The government has gazetted infrastructure projects worth R340bn. Whether these see the light of day remains to be seen. The government has an appalling track record when it comes to big projects, but things might be changing.

Roughly 50 strategic infrastructure projects and 12 special projects worth R340-billion with the potential to create 290,000 jobs have been gazetted by the minister for public works and infrastructure and are mere months from being implemented.

This is the first tangible outcome of months of work driven by the minister, Patricia de Lille, and the head of infrastructure investment in the Presidency, Dr Kgosientsho Ramokgopa, who have been driving a process that aims to present viable, bankable, executable projects to the private sector for funding.

The projects have been gazetted to fast-track the approvals required to get them moving, explained Ramokgopa in an online press conference hosted on Monday 27 July.

“It is not uncommon for a water use licence, or a land rezoning process to take 18 months or longer.

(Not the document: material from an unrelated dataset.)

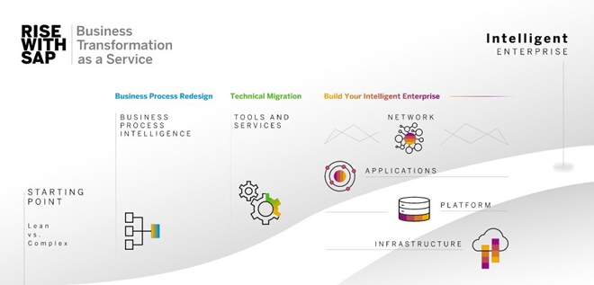 현재 SAP는 디지털 전환의 모든 단계에서 고객이 지능적인 기술로 프로세스를 재설계, 더 나은 비즈니스 결과를 도출할 수 있는 방법을 제공하는 라이즈 위드 SAP(RISE with SAP)를 제공하고 있다.

We want to truncate this process – the economy needs to recover, the construction sector to revive, and we want to deal with the inefficiencies of the state.”

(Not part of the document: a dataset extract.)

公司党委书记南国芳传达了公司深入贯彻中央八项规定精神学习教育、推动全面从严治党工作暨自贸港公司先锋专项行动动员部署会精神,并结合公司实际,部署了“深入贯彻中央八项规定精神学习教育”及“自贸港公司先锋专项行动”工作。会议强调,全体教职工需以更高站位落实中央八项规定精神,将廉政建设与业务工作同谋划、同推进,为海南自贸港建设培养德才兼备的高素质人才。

He says work on the projects should begin within the next three months.

Of the R340-billion price tag, just R1.7-billion will come from the fiscus, while the balance has been secured from private-sector banks and development finance organisations.

“The necessary sovereign guarantees and approvals for increased borrowing have been secured, and funding has been agreed with private-sector banks and development organisations,” Ramokgopa says.

Government investment in infrastructure has declined sharply over the past decade, hamstrung by the lack of technical and financial skills within government, which means project planning and execution have not happened.

Compounding the problem, public expenditure has become consumption-led rather than investment-led.

President Cyril Ramaphosa’s government has made the revival of infrastructure spending core to its plan to kick-start economic growth and create employment opportunities within the construction sector and related industries.

The list of projects spans the “network industries” – those deemed as essential to get the economy moving.

Projects that have been gazetted include the provision of bulk water infrastructure across nine provinces worth R106-billion; three energy supply projects worth R58-billion and 15 road-building projects, under the execution of Sanral, worth R47-billion. In addition, R139-billion will be invested in affordable housing.

“The Mooikloof Mega Residential City Project is one of our few projects coming straight from the private sector and demonstrates the strength of the SIDS process,” De Lille says.

The digital sector has a single project gazetted, worth R4-billion, with the potential to create an estimated 700 direct jobs. The space infrastructure Hub for National Development will allow for the development of satellite infrastructure, satellite-based augmentation systems, and earth observation satellites.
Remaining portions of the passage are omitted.